• **The data**:
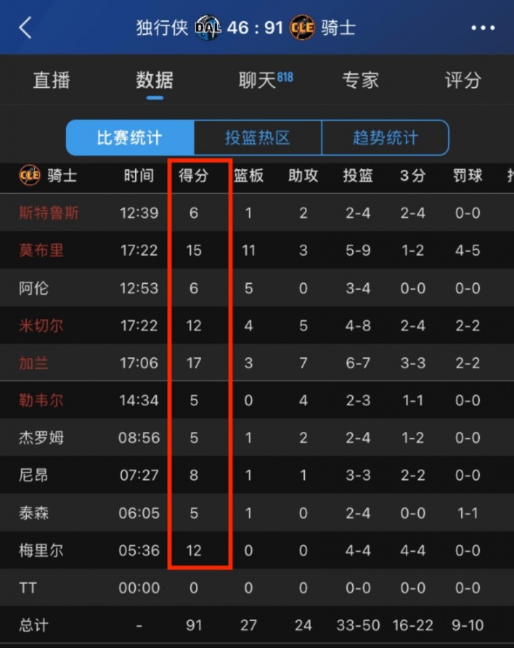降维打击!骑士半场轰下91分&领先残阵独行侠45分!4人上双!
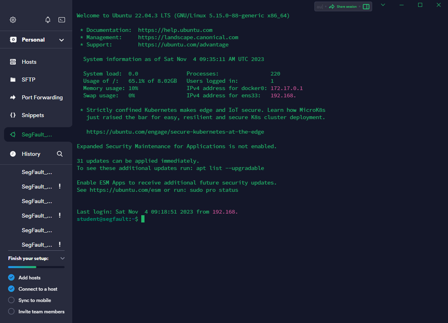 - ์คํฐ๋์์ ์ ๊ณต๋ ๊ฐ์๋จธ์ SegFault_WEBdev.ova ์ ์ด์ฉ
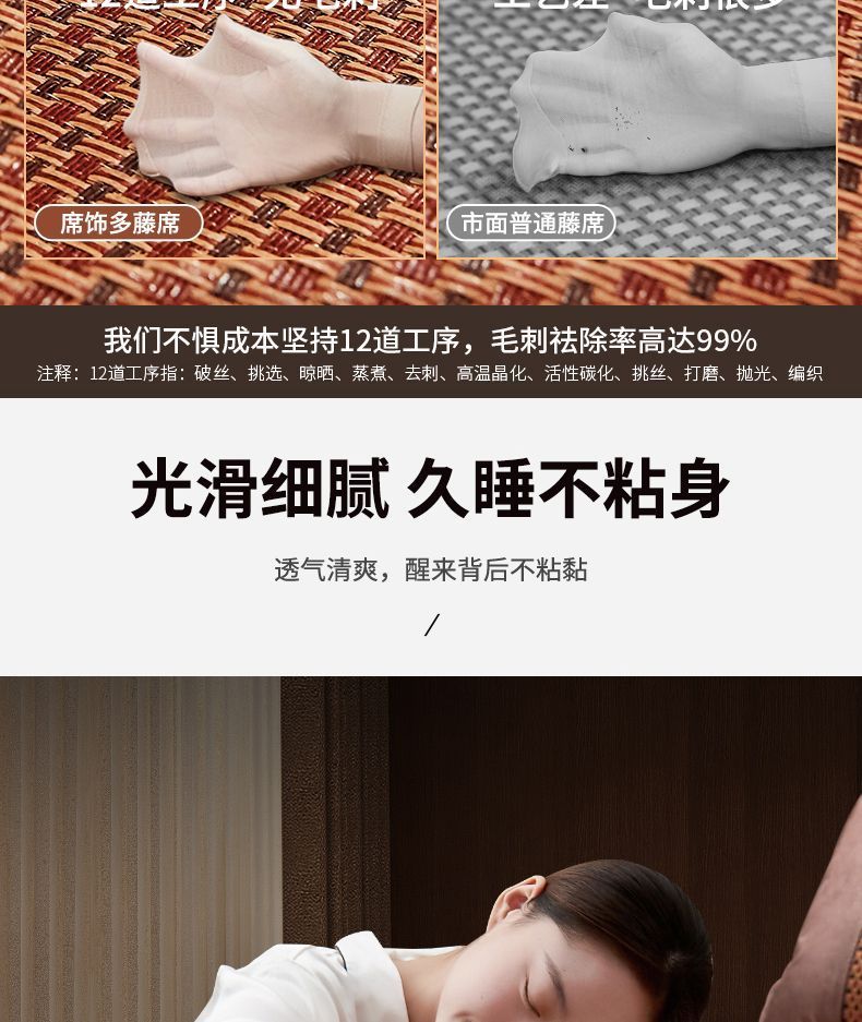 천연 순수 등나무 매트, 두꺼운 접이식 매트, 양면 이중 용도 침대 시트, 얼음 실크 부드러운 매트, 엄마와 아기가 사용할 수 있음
---
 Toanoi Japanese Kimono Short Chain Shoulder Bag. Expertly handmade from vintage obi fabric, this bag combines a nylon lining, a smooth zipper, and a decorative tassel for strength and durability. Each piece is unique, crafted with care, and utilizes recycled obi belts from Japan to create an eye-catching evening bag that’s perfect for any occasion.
==
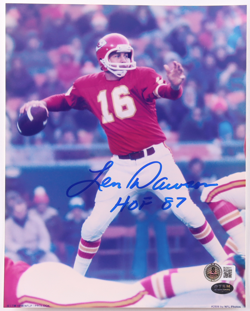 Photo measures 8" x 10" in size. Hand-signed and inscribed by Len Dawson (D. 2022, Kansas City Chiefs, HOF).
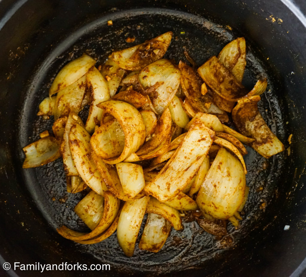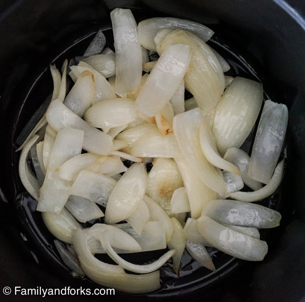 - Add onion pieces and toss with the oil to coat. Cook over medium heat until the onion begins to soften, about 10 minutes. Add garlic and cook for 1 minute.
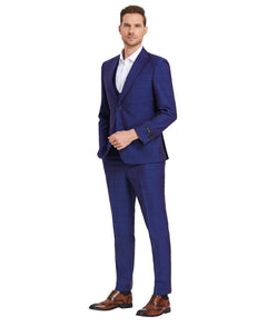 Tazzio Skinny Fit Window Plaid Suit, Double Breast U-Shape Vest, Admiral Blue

• **Work task**:
Please output the lines above beginning at the line with "降维打击!骑士半场轰下91分&领先残阵独行侠45分!4人上双!" and ending after the line with "천연 순수 등나무 매트, 두꺼운", precisely as written and with no pictures.

• **Response**:
降维打击!骑士半场轰下91分&领先残阵独行侠45分!4人上双!
 - ์คํฐ๋์์ ์ ๊ณต๋ ๊ฐ์๋จธ์ SegFault_WEBdev.ova ์ ์ด์ฉ
 천연 순수 등나무 매트, 두꺼운 접이식 매트, 양면 이중 용도 침대 시트, 얼음 실크 부드러운 매트, 엄마와 아기가 사용할 수 있음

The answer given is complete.